人形遣いと聞いていたのだが、まさか魔法使いだったとは。

まさか、この人形たちも魔法で操っているとか・・・?

糸らしいものが見つからないと思っていたら、そんなカラクリがあっただなんて!

 

「それで・・・聞きたいことって?」

 

僕は、アリスさんが僕を家に招いた理由を思い出し、口に出した。

アリスさんは忘れていたようで、お茶菓子をつまみながら「ああ、そうね」としゃべりだす。

 

「あなた、飛べたりするの?」

「まあ、風さえあれば」

「・・・ふぅん」

 

アリスさんはこちらをじぃっと見つめたのち、ぽつりとつぶやくように警告してくれた。

 

「厄介事は避けて通りなさい。命がいくつあっても足りないわ。・・あと、・魔理沙が誘った時はだいたい目的を聞いてから同行すること」

「・・・?」

「異変には、絶対巻き込まれないで」

 

確かに、彼女はそう言った。

僕は異変?と首を傾げ、そういえばそんな単語を魔理沙さんが出していたな、と思い起し、うなずく。

 

「できる限り善処はします。魔理沙さんのことですし、僕も僕の立場があったりするので・・・有無を言わさずがあったりしたら、破っちゃうかもしれません」

「いいのよ。心がけてくれれば。
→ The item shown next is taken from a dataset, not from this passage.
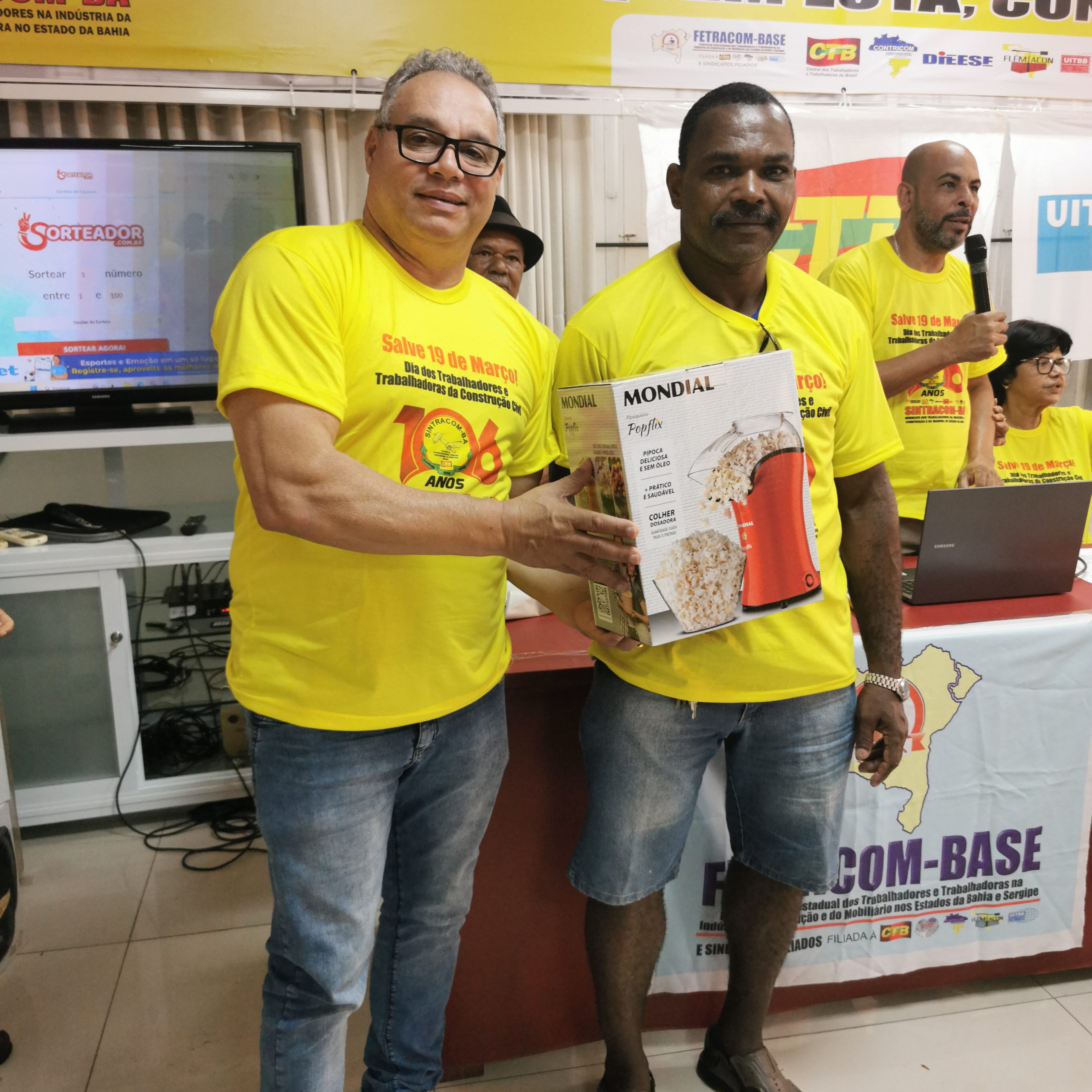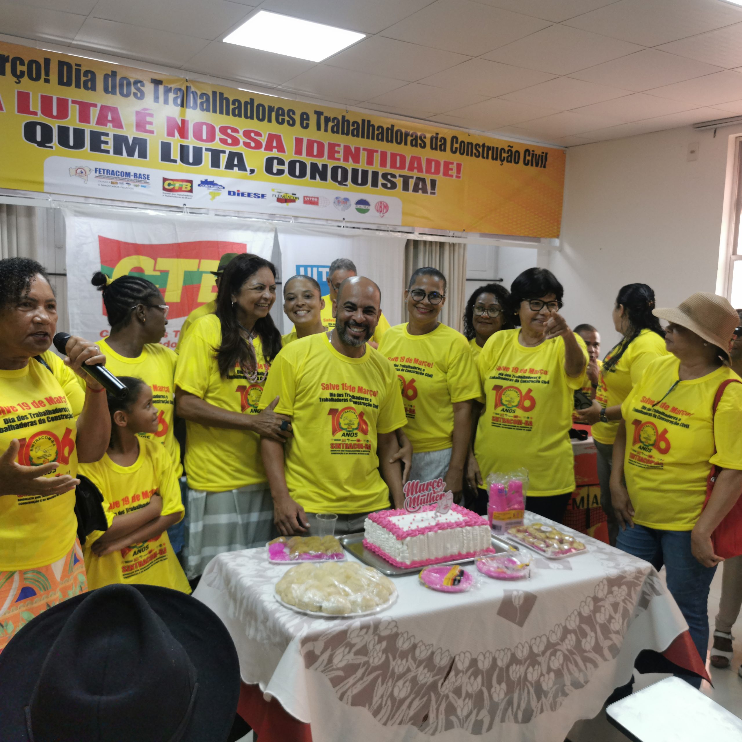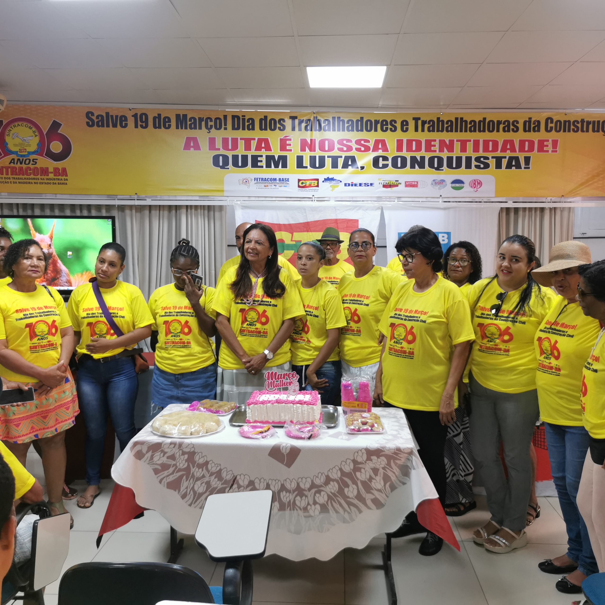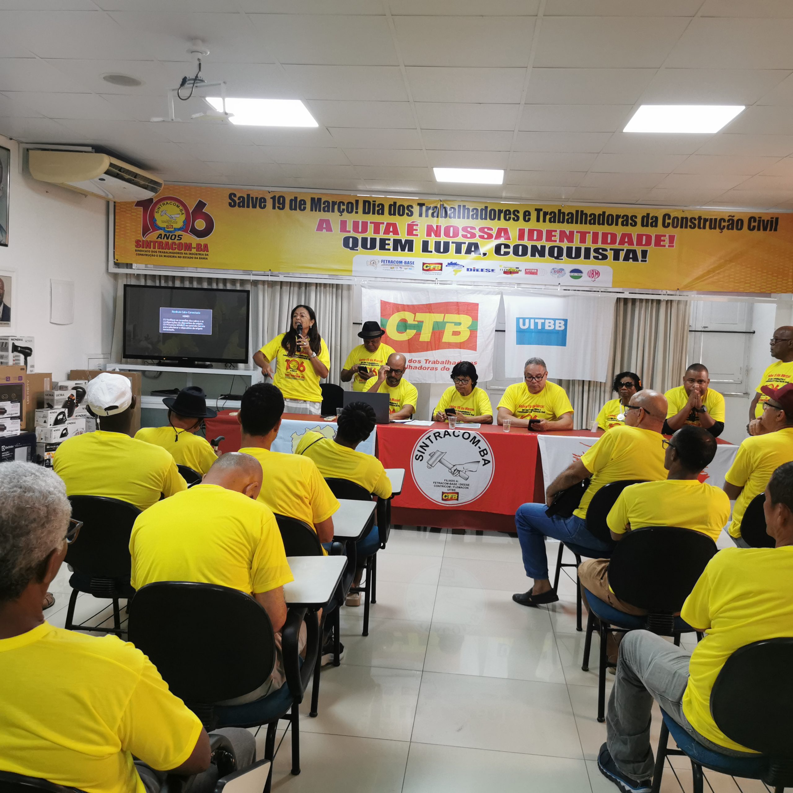 Nesta data histórica, 19 de Março, que marca os 106 anos do primeiro Sindicato fundado no Brasil, em 1919, o SINTRACOM-BA comemorou também o Dia dos Trabalhadores e Trabalhadoras da Construção Civil da Bahia, reunindo em sua sede, na manhã de hoje, trabalhadores (as), diretores (as) e convidados (as), numa bonita festa com o auditório lotado.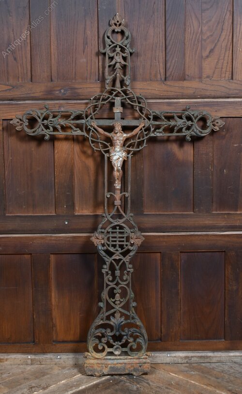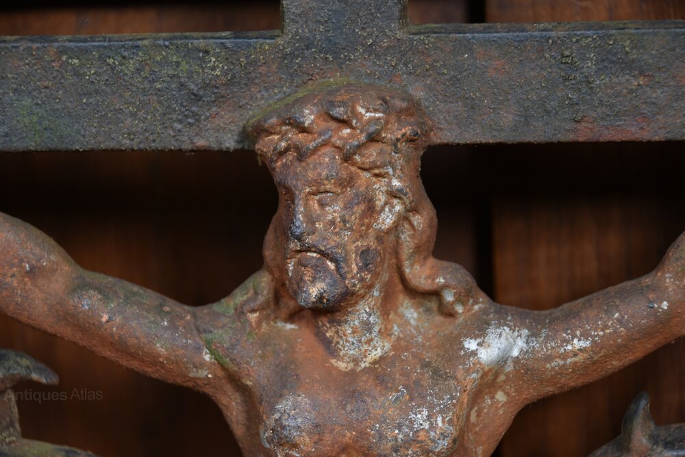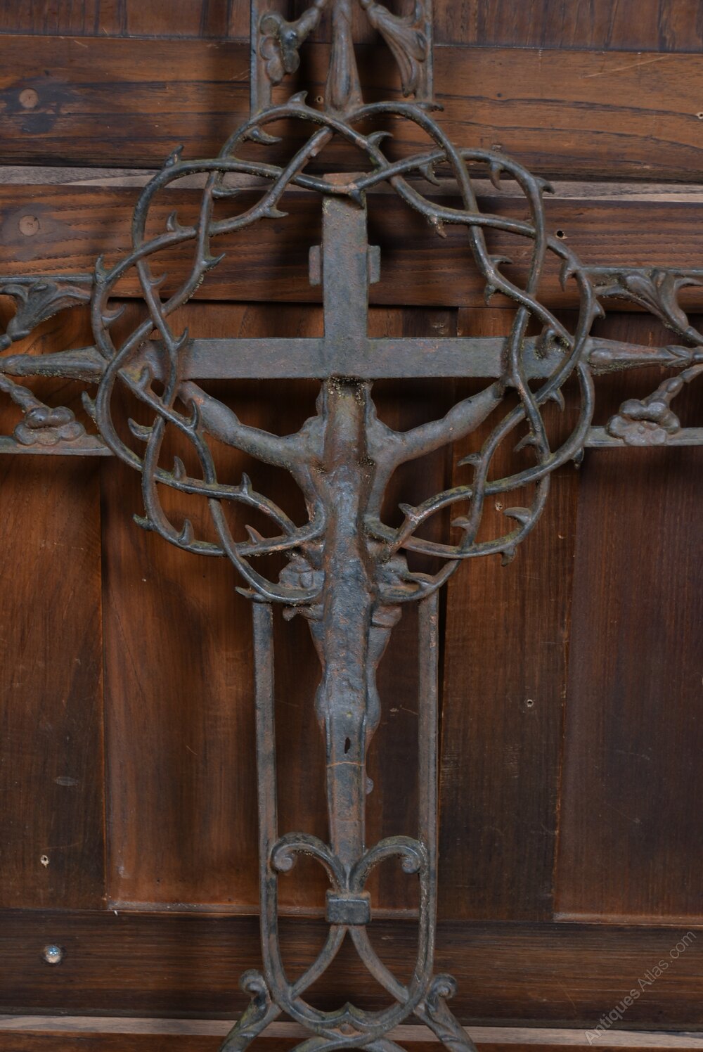 A wonderfully decorative Victorian cast-iron crucifix in wonderful antique condition. This has beautifully detailed scrollwork and foliate ornamentation and has honest wear consistent with age. Richly patinated and full of character, it makes a striking and evocative statement piece for any interior.Internal Reference: SAI4074

一回くらい、痛い目見るとこりごりだって思うわ」

「はは、確かにそうかもしれませんね」

 

僕たちの世界(げんだい)では、もうそれはそれは教師に追いかけまわされたことだ。

どんなルートを通ってもどこかに鬼教師が潜伏してる可能性があるので、市街地に逃げることにしたのはもう数週間前の話だ。
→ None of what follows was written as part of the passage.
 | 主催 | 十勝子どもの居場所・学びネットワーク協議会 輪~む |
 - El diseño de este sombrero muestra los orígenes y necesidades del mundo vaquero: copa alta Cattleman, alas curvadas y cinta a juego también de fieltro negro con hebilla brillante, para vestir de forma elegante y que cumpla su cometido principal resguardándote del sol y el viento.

たとえ忌み嫌う能力であっても、使わなければ宝の持ち腐れというもの。

・・・それが、嫌いなことに変わりはないのだけれど。

 

「・・・お茶、ありがとうございました。話が終わったのなら、魔理沙さんの家に帰らなくては」

「ああ・・・そうね。送っていくわ」

「あ、いいんですか?」

「どうせ迷って妖怪に出くわしたのでしょう?周辺は妖怪が活発化してる。危ないから、しばらく人をつけて動いたほうがいいかもしれないわね」

 

さっきの化け物も『妖怪』に入るんだな・・・。

僕は改めて「ありがとうございます」と頭を下げてから、彼女の家を後にした。

尽きぬ話題。

帰り道は、それなりに楽しかった。